Brief =>
Word for word, set down every line of the entries below from the line with "ORI FREDERIQO OVERDYED PRINTED LS TEE-BLACK" to the line with "(Pseudobiblia; Letteratura fantastica)", including both, and no other line.

Supplied material =>
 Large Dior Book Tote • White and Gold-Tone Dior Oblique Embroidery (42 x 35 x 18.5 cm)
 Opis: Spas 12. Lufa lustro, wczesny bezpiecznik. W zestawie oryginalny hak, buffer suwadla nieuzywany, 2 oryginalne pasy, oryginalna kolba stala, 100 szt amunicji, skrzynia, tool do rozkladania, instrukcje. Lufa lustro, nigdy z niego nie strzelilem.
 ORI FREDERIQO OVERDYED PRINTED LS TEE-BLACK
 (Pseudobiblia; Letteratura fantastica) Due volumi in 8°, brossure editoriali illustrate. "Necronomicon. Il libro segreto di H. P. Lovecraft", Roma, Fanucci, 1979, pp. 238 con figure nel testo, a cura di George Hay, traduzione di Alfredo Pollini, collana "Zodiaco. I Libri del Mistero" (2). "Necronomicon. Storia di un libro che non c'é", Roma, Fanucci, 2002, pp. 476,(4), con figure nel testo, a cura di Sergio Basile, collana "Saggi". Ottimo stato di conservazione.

* * *

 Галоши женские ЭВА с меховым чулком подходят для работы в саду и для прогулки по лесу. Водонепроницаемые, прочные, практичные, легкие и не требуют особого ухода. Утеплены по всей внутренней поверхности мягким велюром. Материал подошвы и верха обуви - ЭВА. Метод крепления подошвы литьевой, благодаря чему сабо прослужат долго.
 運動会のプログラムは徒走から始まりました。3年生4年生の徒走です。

Reply to the task =>
 ORI FREDERIQO OVERDYED PRINTED LS TEE-BLACK
 (Pseudobiblia; Letteratura fantastica) Due volumi in 8°, brossure editoriali illustrate. "Necronomicon. Il libro segreto di H. P. Lovecraft", Roma, Fanucci, 1979, pp. 238 con figure nel testo, a cura di George Hay, traduzione di Alfredo Pollini, collana "Zodiaco. I Libri del Mistero" (2). "Necronomicon. Storia di un libro che non c'é", Roma, Fanucci, 2002, pp. 476,(4), con figure nel testo, a cura di Sergio Basile, collana "Saggi". Ottimo stato di conservazione.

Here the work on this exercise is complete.